Brazilian Favelas, ‘Top Model’ Style

Travel Blog  •  Eva Holland  •  04.23.09 | 12:04 PM ET

Photo by .insanidades via Flickr (Creative Commons)

It’s not often that my life as a travel media watcher and my life as an occasional (OK, OK—regular) viewer of “America’s Next Top Model” overlap. So imagine my surprise last night when this season’s crop of would-be models landed in a Sao Paulo favela for an “edgy” Carmen Miranda-inspired photo shoot. Needless to say, the segment didn’t have much in common with the tales of favela-based slum tourism that I’ve read in the past.

First off, the word “slum” was nowhere to be found. Host Tyra Banks described the favela as “kind of like the hood, kinda,” while Jay Manuel, the artistic director for the shoot, explained to the gals that “favelas are neighborhoods that were originally built by the poor.” Toss in an amazed reference from one young model about being moved by seeing “how these people live,” and another from one who was uncomfortable with the setting (“It’s not a good area, it’s kind of a poor area… I was like, are we in the right spot?”) and you have the sum total of the context provided.

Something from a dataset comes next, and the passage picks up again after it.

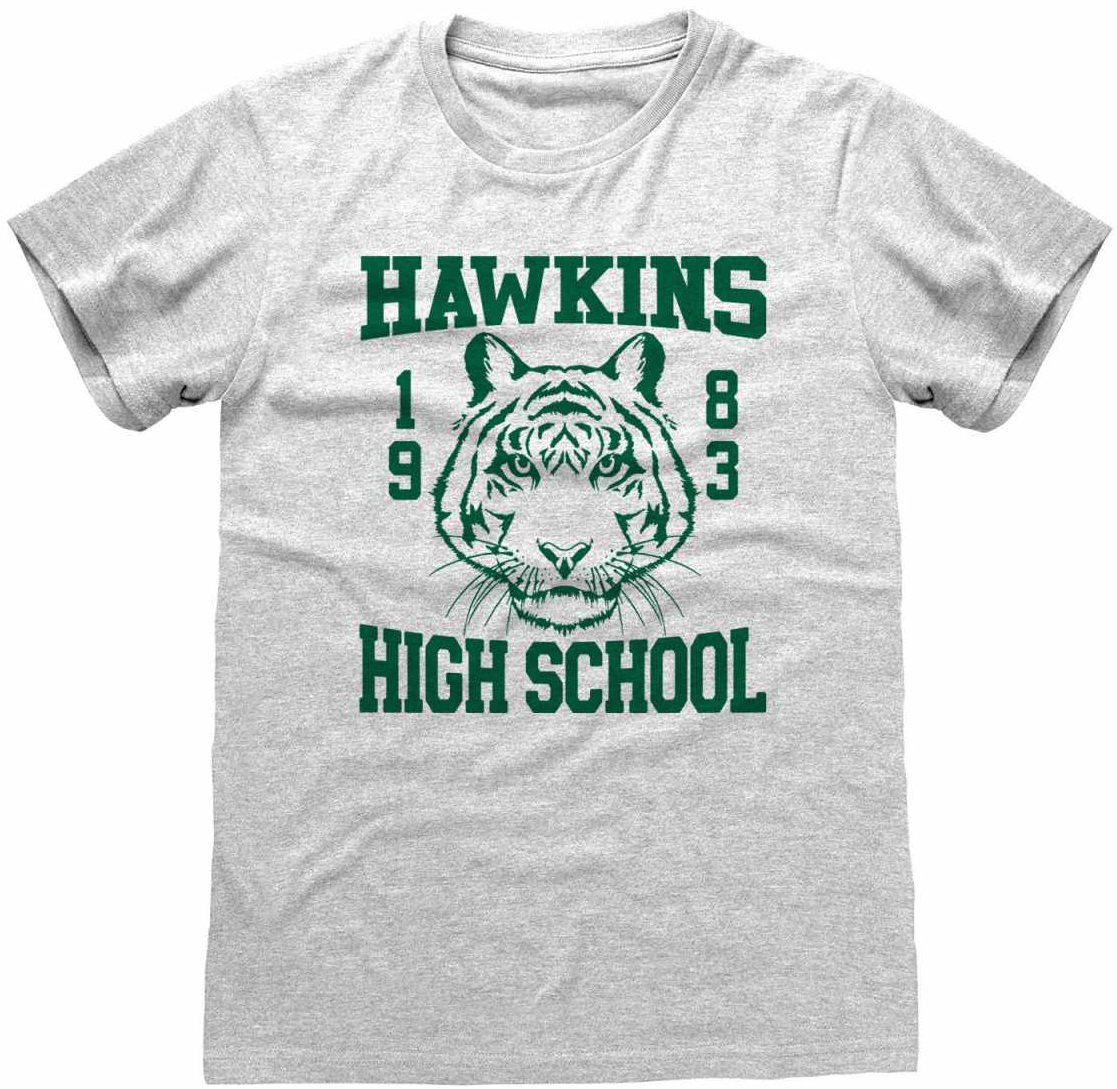 Oficiální pánské tričko z katalogu fashion a dárkových produktů s grafikou, logem a licencí mysteriózního seriálu Stranger Things od společnosti Netflix.Zboží je legálně licencováno a prodáváno se souhlasem vlastníků licenčních práv.Atraktivní šedé tričko vyvedené v motivu Hawkins high school...

Don’t get me wrong: it’s not that I expected a nuanced portrayal of favela life from the likes of “ANTM”—mostly, I was surprised to find them represented on the show at all. After years of semi-obscurity, and in the wake of the “Slumdog Millionaire” craze, is this yet another sign that slums—or at least, polished, colorful versions of them—and their accompanying slum tours have gone mainstream? And what, if anything, does that shift mean for their impoverished residents worldwide?

Here’s the “Top Model” take on Brazil’s favelas:

Eva Holland is co-editor of World Hum. She is a former associate editor at Up Here and Up Here Business magazines, and a contributor to Vela. She's based in Canada's Yukon territory.

7 Comments for Brazilian Favelas, ‘Top Model’ Style

Jennifer 04.23.09 | 12:19 PM ET

A Tyra Banks production in a Brazilian favela….now that had to produce some highly intelligent commentary!  It’s painful for me to catch even a fleeting glimpse of either of her shows as I’m surfing channels but that may have been humorous to see in full!  Painful, but humorous!

Jim Benning 04.23.09 | 2:34 PM ET

What slums really need from reality TV is for some home-makeover shows to invade. Now THAT would be helpful. Or perhaps a whole new series: Pimp My Favela Crib.

Marina K. Villatoro 04.23.09 | 5:00 PM ET

When I traveled Brazil, Rio, 8 years ago. There were weirdo tourist agencies giving tours through Favelas. I didn’t stand outside their door long enough to see what weirdos they actually attracted. It’s kind of like going to a public stoning of a person or so. I guess, human nature, simply loves to see others torture?

TambourineMan 04.23.09 | 8:24 PM ET

I love that none of them have ever heard of Carmen Miranda.

Eva, please enlighten those of us who’ve never seen this trash. What’s the grand prize? A modeling contract? I think Tyra should make the “winner” move into a favela, permanently.

Eva Holland 04.23.09 | 8:44 PM ET

And I love that you took the time to watch the clip, TambourineMan. The prize? The winner gets signed by a top modeling agency, and also lands a cover + spread in Seventeen Magazine and a contract with Cover Girl.

@Marina I definitely have mixed feelings about slum tourism, but I’m not sure favela residents would describe their lives as equivalent to torture or a brutal public death.

@Jim Ha! “Trading Spaces Favela Edition”?

@Jennifer Painful but humorous is about right!

Marina K. Villatoro 04.23.09 | 10:41 PM ET

Yeah, you’re right it’s not like live torture or public deaths. however, I know from living in Costa Rica, people with way more money, never ever want you to come to their house. I’m talking about the poor of Costa Rica. It is nothing to be proud of, nonetheless to be gawked at. Especially when someone is getting paid more money then most of these people make in a year!

TambourineMan 04.24.09 | 4:33 PM ET

Eva, I watched it hoping to see nutcase Tyra. Where was she?